Women who had their first menstrual period at 10 years or younger had a greater likelihood of an adenomyosis diagnosis than women with later menarche (POR = 1.59, 95% CI = 1.26-2.01 relative to women with menarche at age 13 years) (Table 2). Endometriosis was not consistently associated with age at menarche; for women with menarche at age 10 years or younger, the pattern of risk (POR = 0.52, 95% CI = 0.26-1.05 relative to women with menarche at age 13 years) differed from that seen for adenomyosis. We investigated time to menstrual cycle regularity in our cohort. Establishing regular menstrual periods 12 to 23 months after menarche was associated with reduced likelihood of endometriosis (POR = 0.67, 95% CI = 0.46-0.98) and adenomyosis (POR = 0.83, 95% CI = 0.70-0.99) relative to establishing regular cycles more quickly; however, no consistent pattern was noted as the PORs were not reduced for women who established regular menstrual periods at least 24 months after menarche. Patients with adenomyosis were more likely to report menstrual cycle lengths of 24 days or less (POR = 1.46, 95% CI =1.13-1.89 relative to women with 27-28 day cycle lengths); however, no statistically significant trend in the PORs was seen.

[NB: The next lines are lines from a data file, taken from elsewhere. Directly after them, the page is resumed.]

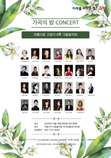 [메이저뉴스]고양특례시가 후원하고, (사)한국예술문화단체총연합회 고양지회가 주최하며 (사)한국음악협회 고양지부가 주관하는 ‘2025 가곡의 밤 – 아름다운 고양시 8경(景) 가을 음악회’가 오는 16일 오후 7시 30분, 고양아람누리 아람음악당에서 개최된다.
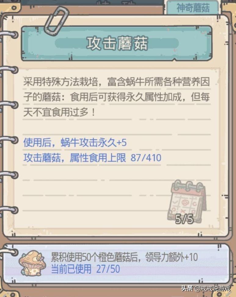 累计使用50个橙色蘑菇后,领导力额外增加10。吃橙蘑菇数累计达到20/50/120/250/500时,领导力都会增加10,吃够500共加50(目前上限500,后续应该还会开放)。所以有条件的前提下,优先吃橙色蘑菇也是很有必要的。
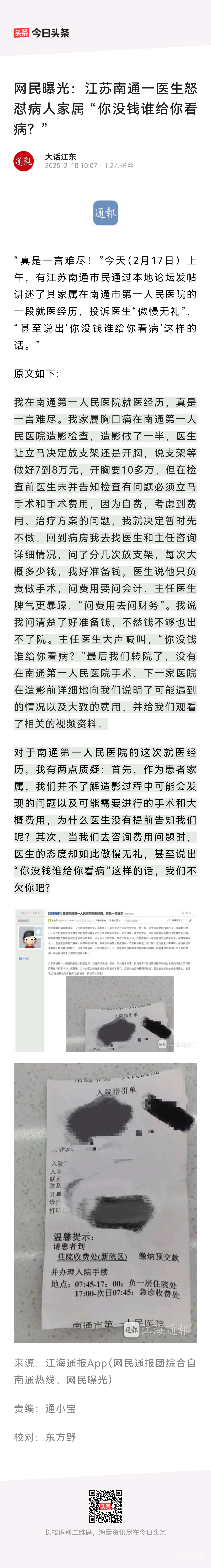 [百姓民声] 你没钱,谁给你看病?南通市第一人民医院不想再装了。 |
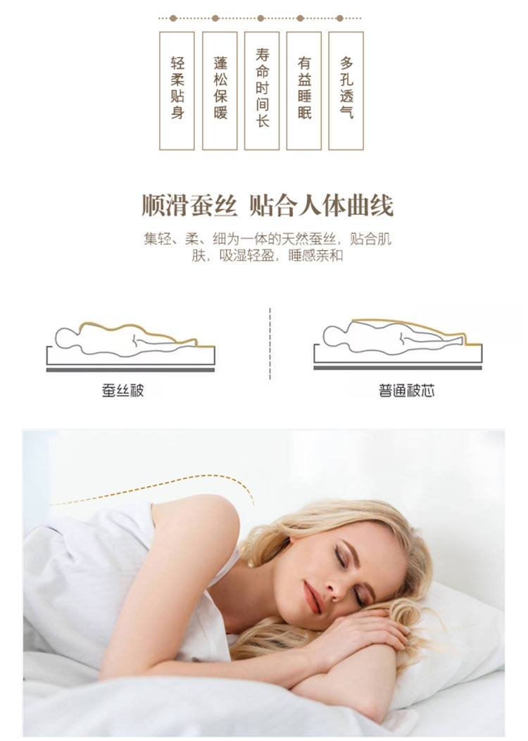 梦洁家纺舒柔蚕丝被200*230cm 白色 纯色
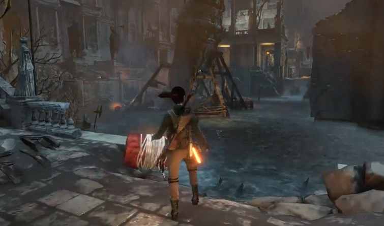 成功炸毁三处支座后,雕像会倒塌形成通路,但随后会出现被称为不死军团的遗迹守护者并展开追逐,你需要经过一段快节奏的跑酷才能成功逃出档案室。在此任务流程中,劳拉会获得无限潜水呼吸器,从而解除潜水时限。完成任务后,你可以选择重返档案室进行收集,例如位于大厅二层走廊上的文献等,部分收集品需要通过特定路径,如在特定位置使用绳索荡跳才能取得。
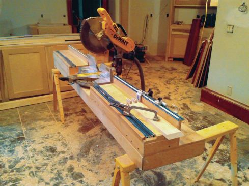 Risinger Homes, in Austin, Texas, uses this basic 7 ½-foot stand for most of its finish carpentry. Made of ¾-inch plywood, the lightweight stand is easy to carry and fits in a pickup bed. The stand sits on sawhorses, and solid tables on either side of the saw provide several feet of continuous support. A power strip mounted on the back of the stand allows it to double as a workbench. The saw’s fence aligns the workpiece, so no additional fences are required.
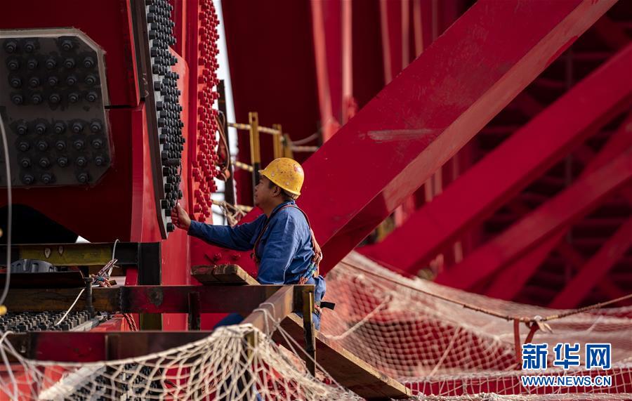 4月8日,中鐵四局的工人進(jìn)行油漆涂裝。新華社記者江文耀攝
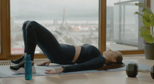 매트에 누운 상태에서 무릎을 세우고, 발은 바닥에 고정합니다. 팔을 바닥으로 누르면서 몸을 공중으로 띄우세요. 몸을 사선으로 만들고 천천히 바닥으로 내립니다. 다시 엉덩이를 들었다가 내리는 동작을 진행하세요. 1분간 운동합니다.
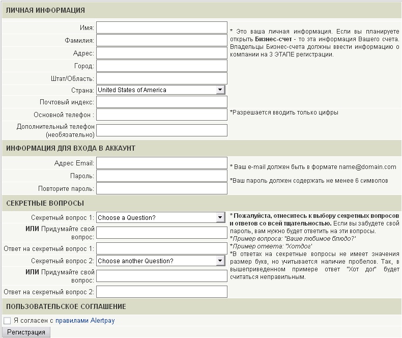 Для регистрации счета в AlertPay заполните следующую форму. Убедитесь, что введенная информация правильная, так как мы будем сравнивать ее с информацией при любом типе верификации. Введенная информация используется только для внутренних нужд. См. Соглашение о конфиденциальности.
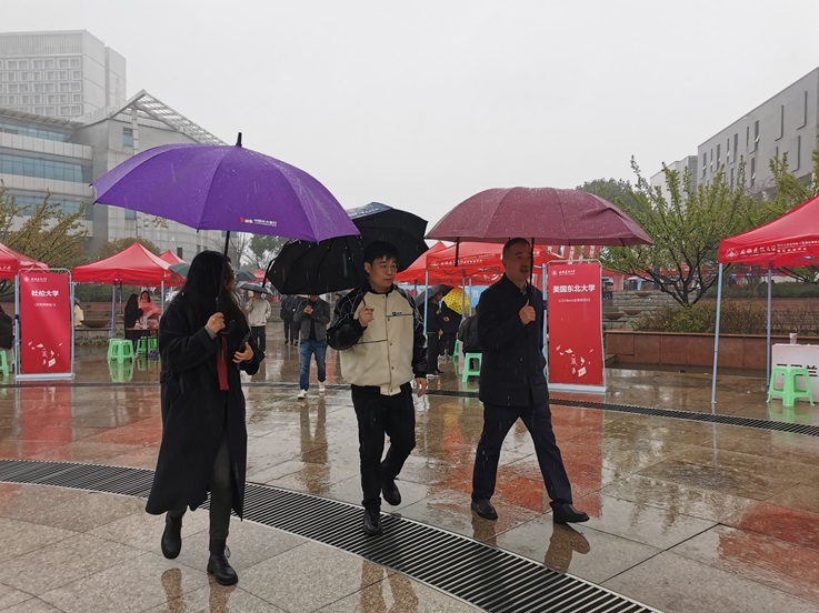 本网讯 3月27日下午,ku游官方第一届国际教育展在南校区日月广场如期举办。校党委常委、副校长闵杰教授来到现场,实地了解国际教育展情况,向本次来校参展的各国外高校代表和合作机构表示欢迎,并与学生们亲切交谈。近400名在校学生不减热情、冒雨参展。

Body mass index at age 18 years was not associated with a surgically confirmed diagnosis of either endometriosis or adenomyosis. However, women who were overweight or obese at baseline were more likely to have a diagnosis of adenomyosis than normal weight women (POR=1.30, 95% CI=1.11-1.51 for overweight and POR = 1.35, 95% CI =1.12-1.62 for obese women) (Table 3). Further, women who were underweight at baseline were less likely to have a diagnosis of adenomyosis that normal weight women (POR=0.53, 95% CI=0.30- 0.95). When we restricted the analysis to postmenopausal women, overweight and obese women were not at increased risk relative to normal weight women (POR=1.14, 95% CI=0.87-1.47 and POR=0.95, 95% CI =0.67-1.35, respectively), whereas the risk for underweight women remained reduced (POR=0.58, 95% CI=0.21–1.57). Body mass index at baseline was not associated with a diagnosis of endometriosis.

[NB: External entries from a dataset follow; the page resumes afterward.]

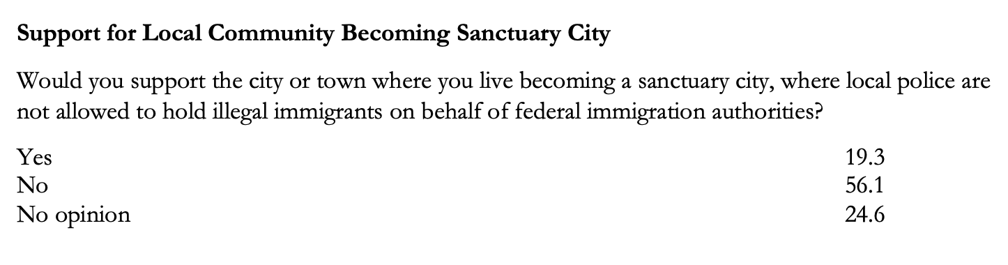 Democrats have also unanimously opposed a ban on sanctuary cities in New Hampshire, despite 56 percent of Granite Staters opposed to their city or town becoming a sanctuary city. Just 19 percent support it. A bill banning sanctuary cities passed the Senate in a party-line vote, but Democrats killed it in the House.
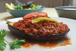 Fırında Karnıyarık Tanımı İçin MalzemelerPatlıcanlar için:2 adet orta boy patlıcan2 yemek sıvı yağ400 gram orta yağlı kıyma1 adet büyük boy...
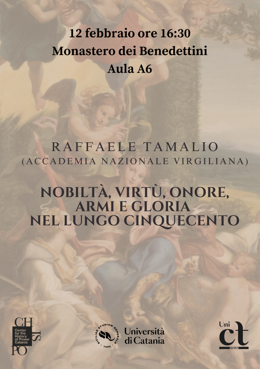 Giovedì 12 febbraio Raffaele Tamalio (Accademia Nazionale Virgiliana) terrà un seminario dal titolo Nobiltà, virtù, onore, armi e gloria nel lungo Cinquecento.
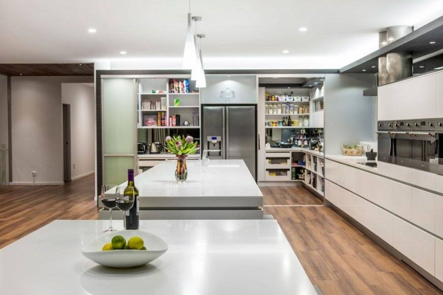 Если между кухней и кладовкой расположены стеклянные дверцы, — света потребуется меньше (вы частично используете свет на кухне и естественный свет днем). Если потолки высокие, — на верхние полки, возможно, необходимо установить более мощные лампы.
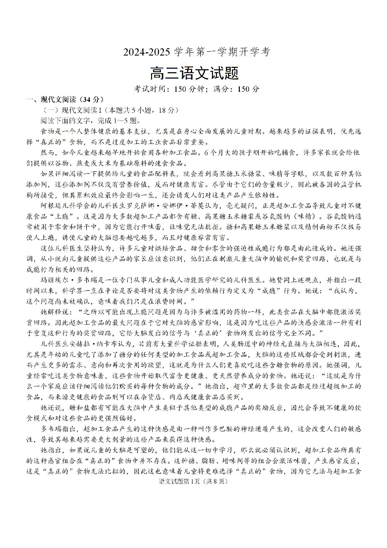 福建省龙岩市龙岩一中2025届高三上学期开学考试+语文
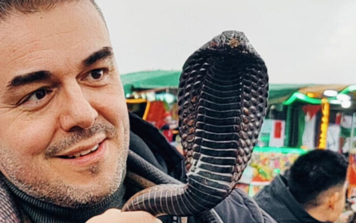 Ίσως γι’ αυτό και είχε το θάρρος όχι μόνο να πλησιάσει την κόμπρα -βρίθει ο τόπος από φίδια στις αγορές- που χρησιμοποιούνται για να μαγεύουν τους τουρίστες, αλλά και να την πιάσει να τη…φορέσει γύρω από το κεφάλι του σε απόσταση αναπνοής από το πρόσωπό του….
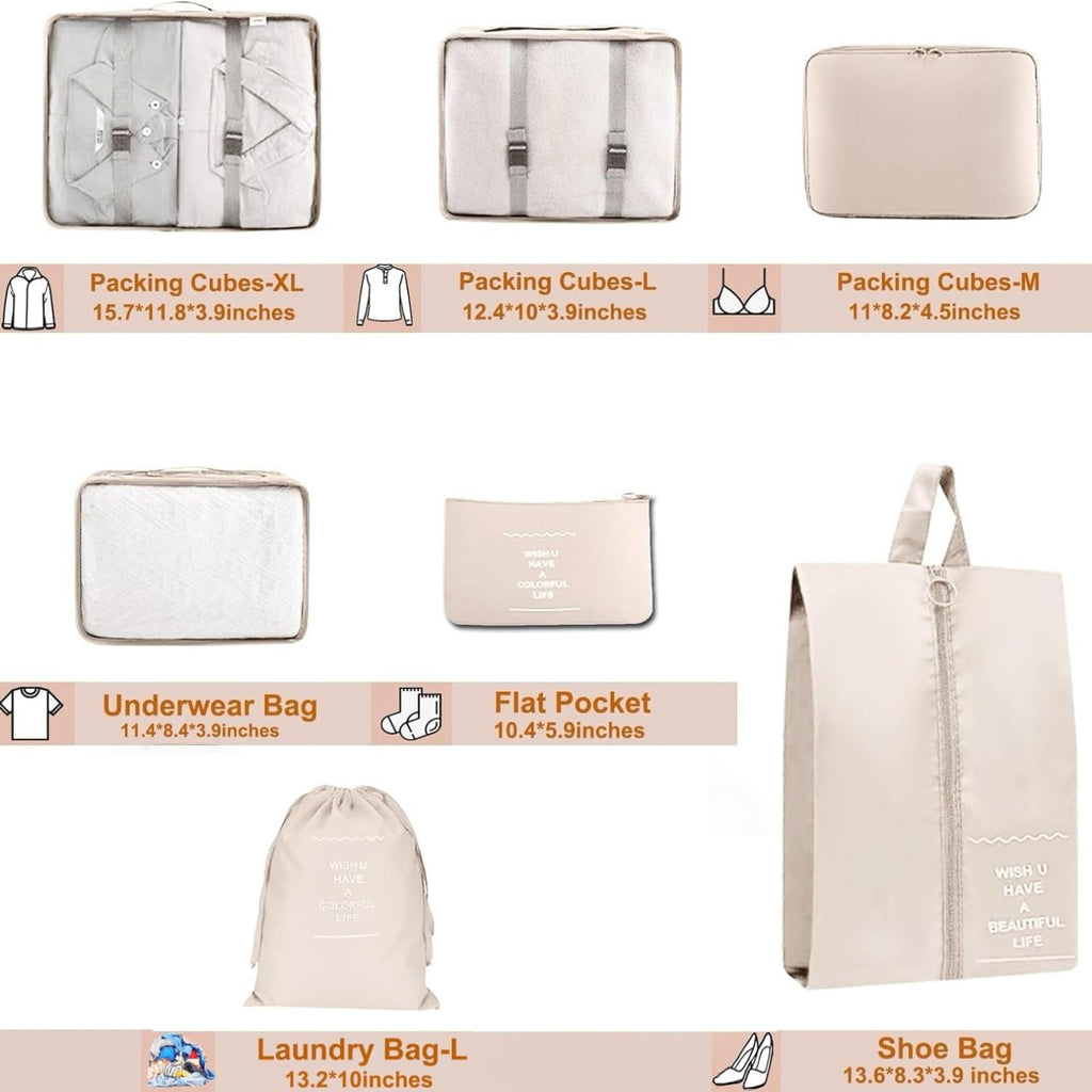 Brand: HLILaiColor: BeigeFeatures: Nylon Twill / Breathable Mesh Top 【7PC Set Large Capacity】4 sized packing cubes, 1x drawstring Bag, 1x shoe bag, 1x accessory bag, for essentials like jackets, shirts, shoes, pants, underwear, toiletries, and more. Laundry bag keeps soiled clothing separate. 【Premium Quality Travel Cubes】Mesh top panel, easy to...
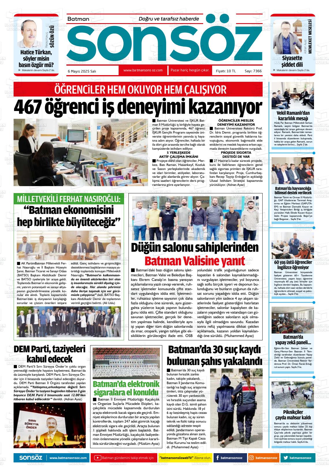 Batman Sonsöz Gazetesi’nin 6 Mayıs tarihli manşeti
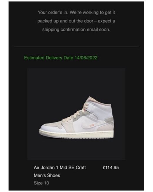Jordan 1 Mid Craft ‘Inside Out’. Grey, white and sail colours. Clean pair of Jordan’s to show off and can go with all outfits. Only worn once but can see by images can’t even tell, in Brand new condition and always wear crease protectors so no creases either. Comes with the extra pair of grey laces. Doesn’t come with box.
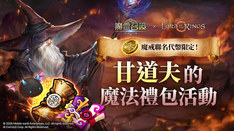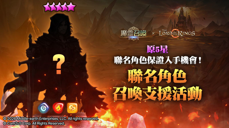 韓國手遊大廠Com2uS旗下經典作品《魔靈召喚》和全球知名小說《魔戒™》的聯名活動正式開跑!《魔戒™》知名角色如佛羅多、甘道夫、亞拉岡、勒苟拉斯以及咕魯都將來到天空之島,為紀念史詩級聯名,官方推出多重活動以及送出豐富獎勵,包含5星佛羅多、神秘召喚書100張以及多張聯名限定召喚書!除此之外,於活動期間累積召喚點數還可免費隨機召喚一隻5星聯名角色。

Women diagnosed with endometriosis were less likely than women without this diagnosis to have had a full-term pregnancy (POR = 0.52, 95% CI=0.39-0.70); among women who had a term pregnancy, those with an endometriosis diagnosis were less likely to have a late pregnancy (at age 30 years or older) or to have more than 2 term pregnancies (Table 3). In contrast, women with adenomyosis were more likely to have had a full-term pregnancy (POR = 1.78, 95% CI =1.46-2.17) than to have never been pregnant, and to have their first pregnancy before age 25 years (POR=1.68 for 1-2 full term pregnancies and POR = 1.56, 95% CI = 1.25-1.93 for 3 or more term pregnancies) than to have had one to two full-term pregnancies at ages 25-29 years. Despite the fact that women with adenomyosis were likely to have term pregnancies early, they were less likely than comparison women to have breastfed their babies (POR = 0.74, 95% CI = 0.62-0.88). A similar pattern was observed for endometriosis, but because they were less likely to be parous, the number of women in the analysis was small. Despite the fact that women diagnosed with endometriosis were half as likely as comparison women to be parous, difficulty becoming pregnant and use of fertility drugs for pregnancy were not associated with the development of endometriosis. These indicators of infertility were similarly unrelated to the development of adenomyosis.

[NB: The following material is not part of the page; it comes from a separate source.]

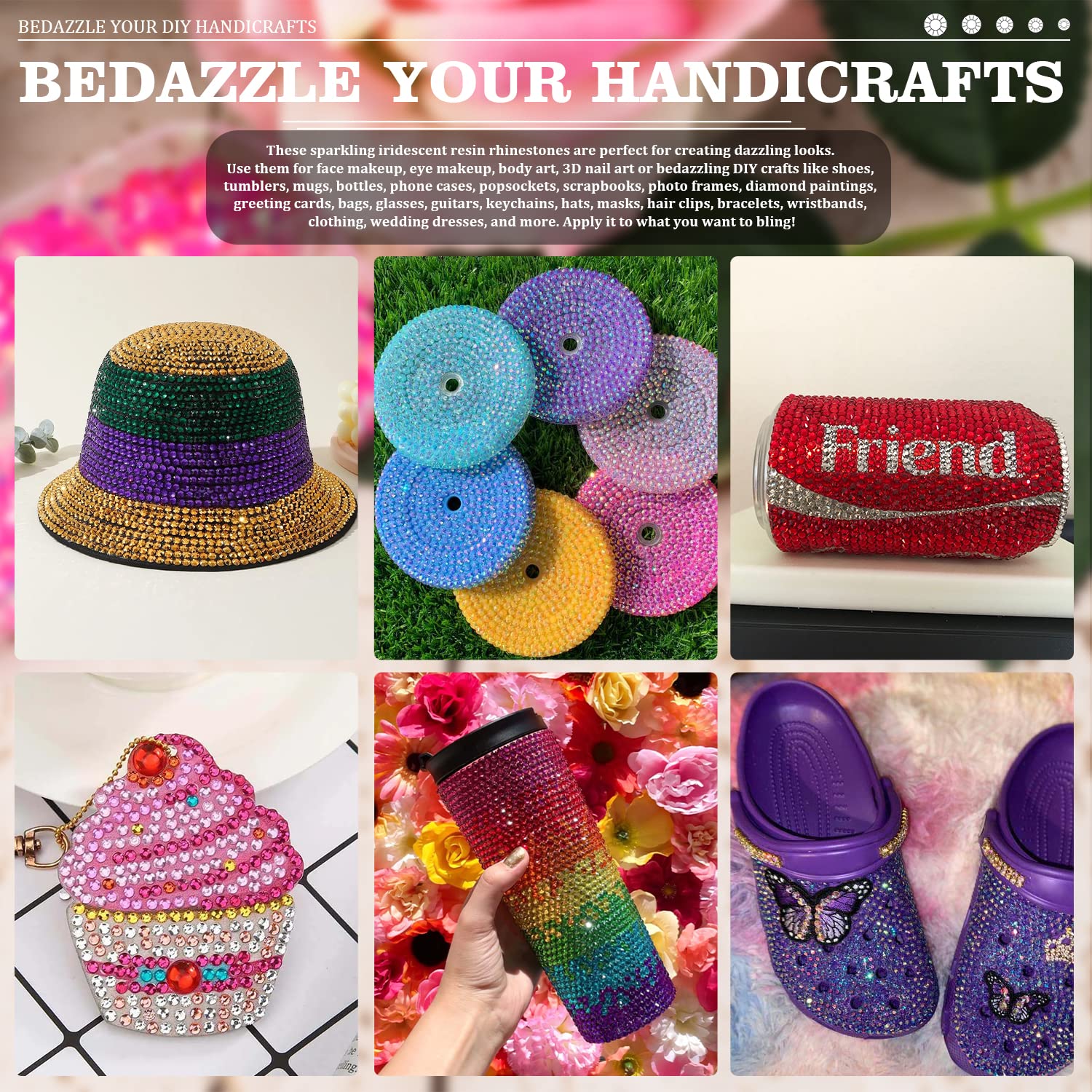 - đź’ŽWIDE APPLICATION -- These sparkling iridescent resin rhinestones are perfect for creating dazzling looks. Use them for face makeup, eye makeup, body art, 3D nail art or bedazzling DIY crafts like shoes, tumblers, mugs, bottles, phone cases, popsockets, scrapbooks, photo frames, diamond paintings, greeting cards, bags, glasses, guitars, keychains, hats, masks, hair clips, bracelets, wristbands, clothing, wedding dresses, and more. Apply it to what you want to bling!

Women with a history of tubal sterilization were less likely to have a subsequent surgically confirmed endometriosis diagnosis (POR = 0.66, 95% CI = 0.42-1.04), and more likely to have a subsequent surgically confirmed diagnosis of adenomyosis (POR = 1.57, 95% CI = 1.34 - 1.84) than women who had not had this procedure (Table 3).
Oral contraceptives had been or were currently being used by the 84% of women with endometriosis and 80% of women with adenomyosis (Table 3). Current oral contraceptive users were less likely to have an endometriosis diagnosis than women who had never used oral contraceptives (POR = 0.41, 95% CI = 0.21-0.78), whereas past oral contraceptive use was associated with having an adenomyosis diagnosis (POR = 1.54, 95% CI = 1.28-1.85).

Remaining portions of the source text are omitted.